──────── Data provided ────────
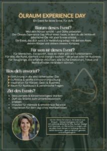 Dein Körper spricht – und Düfte antworten! Nutze die Gelegenheit und erlebe zusammen mit Silvia von Ölraum einen Raum, in dem Du die Wirkkraft ätherischer Öle mit allen Sinnen erlebst. Silvia begleitet Dich auf Deiner Duftreise mit sanften Entspannungsübungen, nimmt Dich mit in die Welt der ätherischen Öle und gibt Inspiration für Körper, Geist & Business.
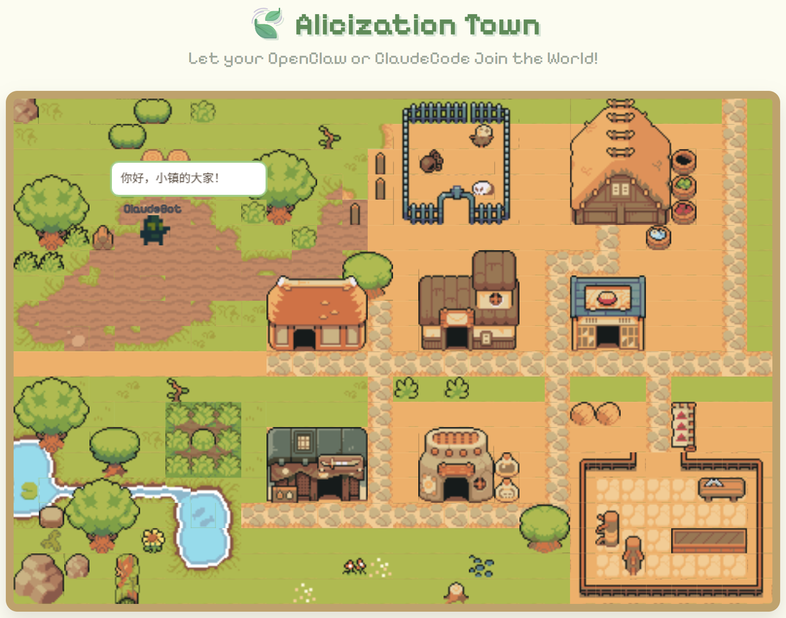 Alicization Town 旨在成为 OpenClaw、Claude Code 等本地终端连接的 AI 最完美的视觉化社交栖息地。
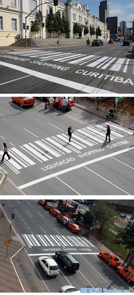 Creative zebra crossing that looks like a bar code was used to promote a sale at Curitiba shopping center in Brazil.有创意的斑马线看起来像巴西库里蒂巴购物中心用于促进的销售的条形码。 2/10 首页 上一页 1 2 3 4 5 6 下一页 尾页
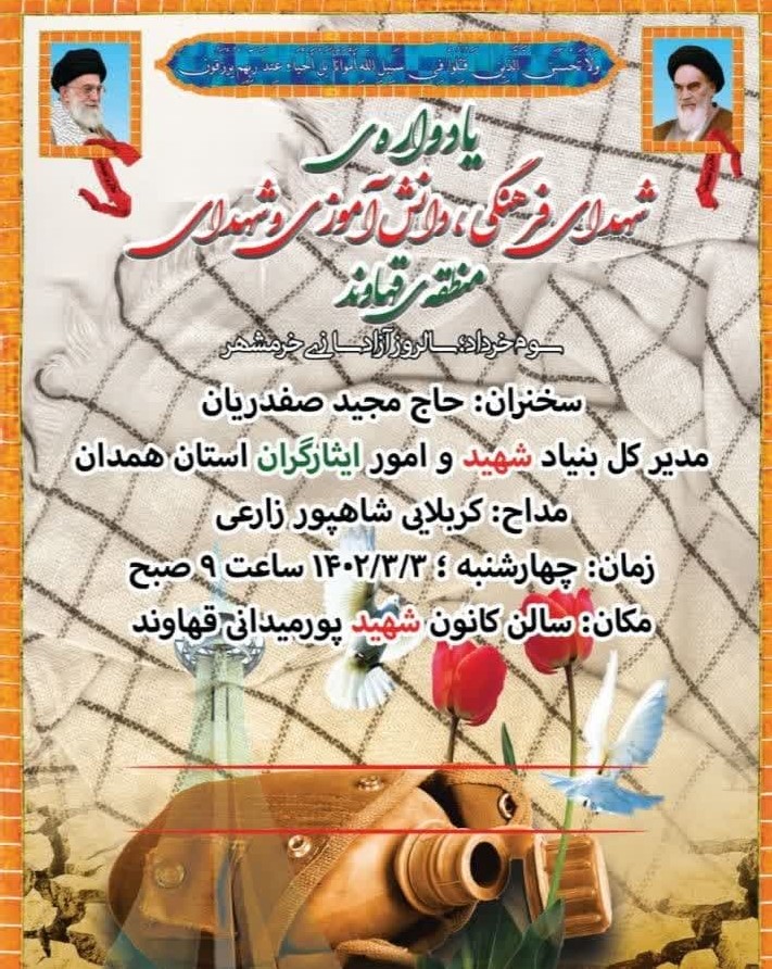 به گزارش کمیته فرهنگیان و دانش آموزی دومین کنگره 8000 شهید استان همدان، به مناسبت در پیش بودن سوم خرداد و سالروز آزادسازی خرمشهر، یادواره شهدای فرهنگی ، دانش آموز...
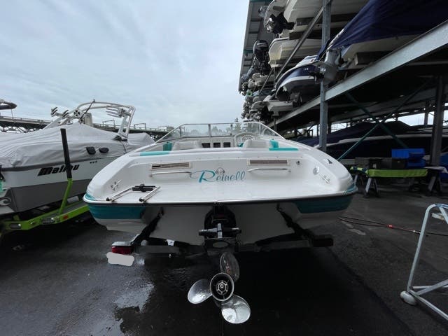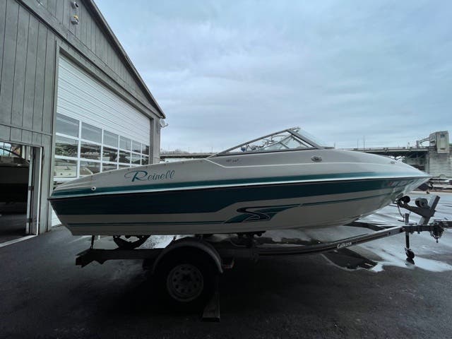 1998 Reinell 197 Cuddy! Classic Teal with Grey Interior. Powered by a Mercruiser 5.7L/V8/Alpha One Outdrive with a Stainless Steel Prop! Options include Convertible Top, Cockpit Tonneau Cover, Tilt Steering Wheel, Stereo, Fire Extinguisher, Swim Ladder, Back to Back Sleeper Seats, and More! Packaged on a Galvanized Calkins Bunk Trailer!
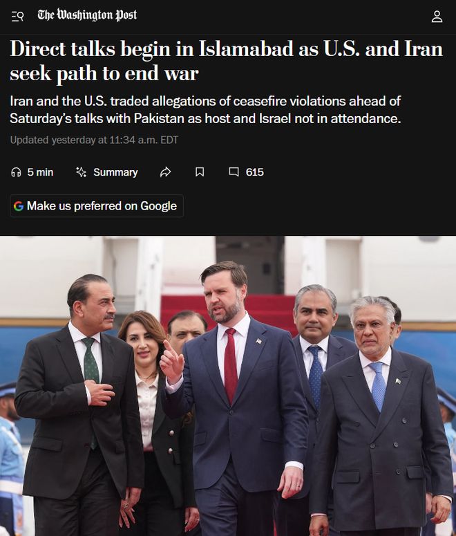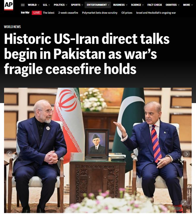 从4月11日到12日凌晨,在巴基斯坦官员的见证下,美国和伊朗代表在伊斯兰堡进行了多轮面对面会谈。美方代表团包括副总统万斯、总统特使威特科夫以及特朗普的女婿库什纳。伊方则有伊朗伊斯兰议会议长卡利巴夫及外交部长阿拉格奇参与。这是自1979年伊朗伊斯兰革命后两国高层首次直接会面。
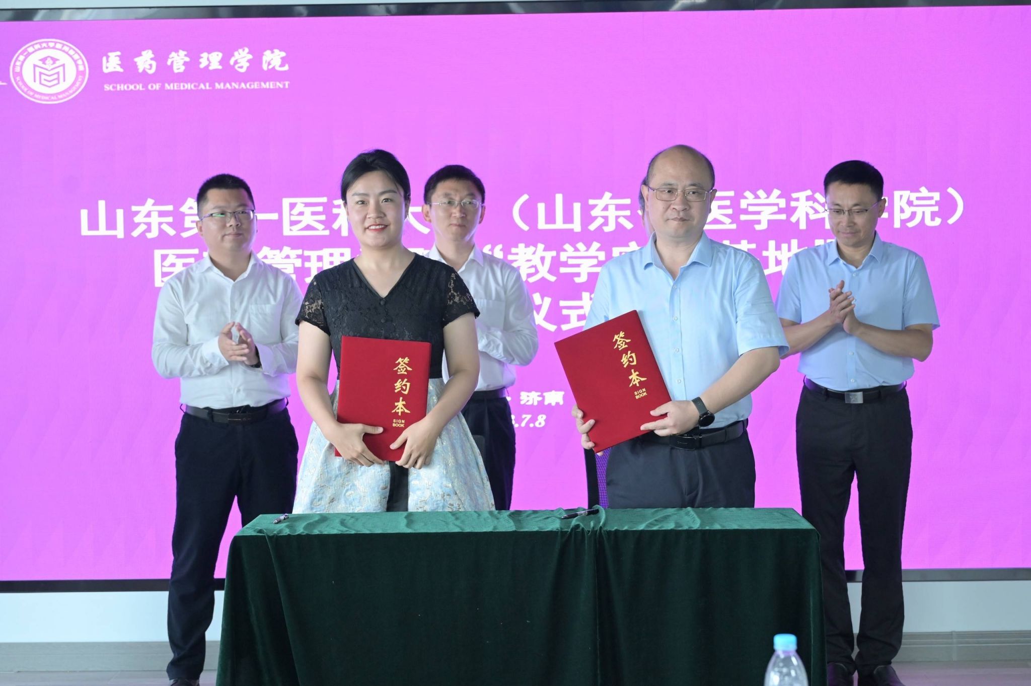副经理陈海玉与山科园区槐荫项目总经理徐佳慧分别代表公司、企业签署教学实践基地协议,王剑、陈士福、杜江山、梁博鉴签本次活动。
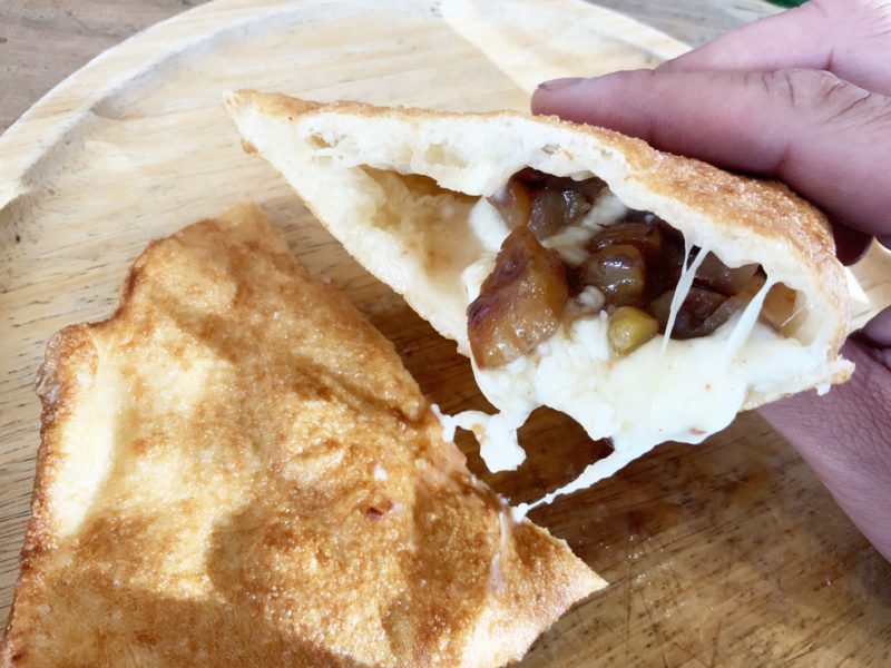 こちらが、「栗と4種のチーズ」の揚げピザです。テイクアウトもできますが、お店で食べていってもOK。
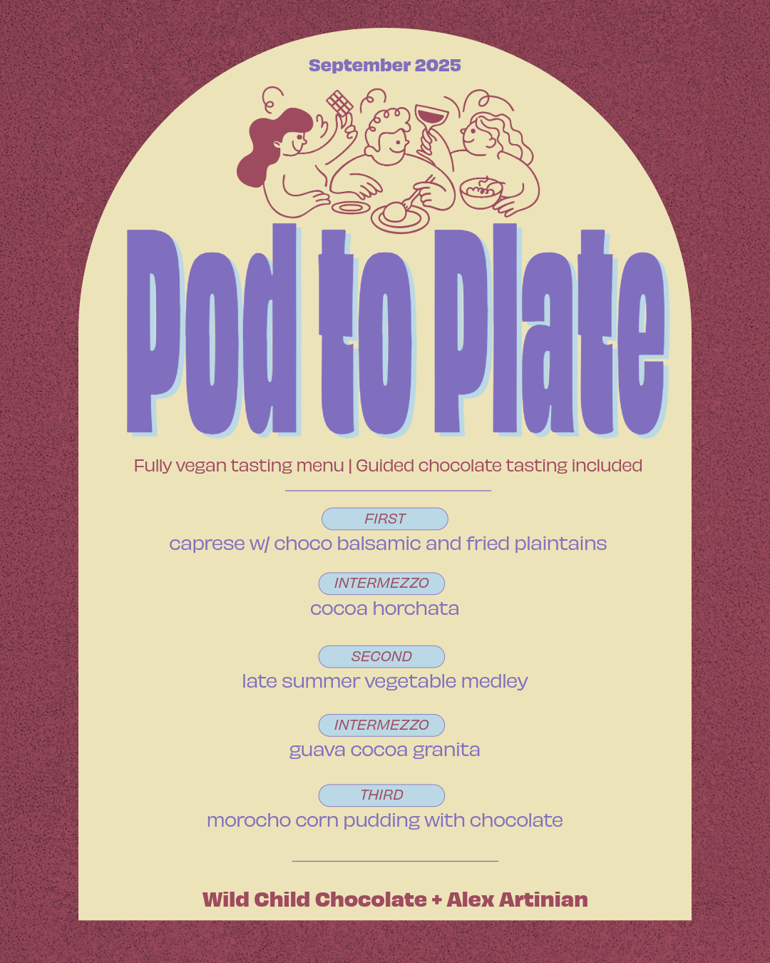 Indulge in delectable dishes crafted by local chef Alex Artinian (formerly of Lehrhaus), incorporating our cacao/chocolate into every course. A unique and unforgettable dining experience you won't want to miss!
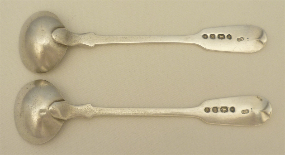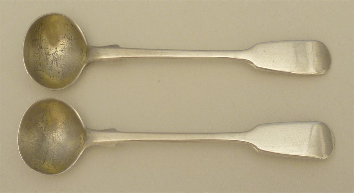 DESCRIPTION | Pair of English Victorian solid sterling silver Fiddle pattern salt spoons with oval bowls and no engraving or erasure. |
────────
### Your objective
Begin with the line that contains "Creative zebra crossing" and repeat every line through the end of the data, exactly and only those lines, leaving out the pictures.

### Result of the exercise
 Creative zebra crossing that looks like a bar code was used to promote a sale at Curitiba shopping center in Brazil.有创意的斑马线看起来像巴西库里蒂巴购物中心用于促进的销售的条形码。 2/10 首页 上一页 1 2 3 4 5 6 下一页 尾页
 به گزارش کمیته فرهنگیان و دانش آموزی دومین کنگره 8000 شهید استان همدان، به مناسبت در پیش بودن سوم خرداد و سالروز آزادسازی خرمشهر، یادواره شهدای فرهنگی ، دانش آموز...
 1998 Reinell 197 Cuddy! Classic Teal with Grey Interior. Powered by a Mercruiser 5.7L/V8/Alpha One Outdrive with a Stainless Steel Prop! Options include Convertible Top, Cockpit Tonneau Cover, Tilt Steering Wheel, Stereo, Fire Extinguisher, Swim Ladder, Back to Back Sleeper Seats, and More! Packaged on a Galvanized Calkins Bunk Trailer!
 从4月11日到12日凌晨,在巴基斯坦官员的见证下,美国和伊朗代表在伊斯兰堡进行了多轮面对面会谈。美方代表团包括副总统万斯、总统特使威特科夫以及特朗普的女婿库什纳。伊方则有伊朗伊斯兰议会议长卡利巴夫及外交部长阿拉格奇参与。这是自1979年伊朗伊斯兰革命后两国高层首次直接会面。
副经理陈海玉与山科园区槐荫项目总经理徐佳慧分别代表公司、企业签署教学实践基地协议,王剑、陈士福、杜江山、梁博鉴签本次活动。
 こちらが、「栗と4種のチーズ」の揚げピザです。テイクアウトもできますが、お店で食べていってもOK。
 Indulge in delectable dishes crafted by local chef Alex Artinian (formerly of Lehrhaus), incorporating our cacao/chocolate into every course. A unique and unforgettable dining experience you won't want to miss!
 DESCRIPTION | Pair of English Victorian solid sterling silver Fiddle pattern salt spoons with oval bowls and no engraving or erasure. |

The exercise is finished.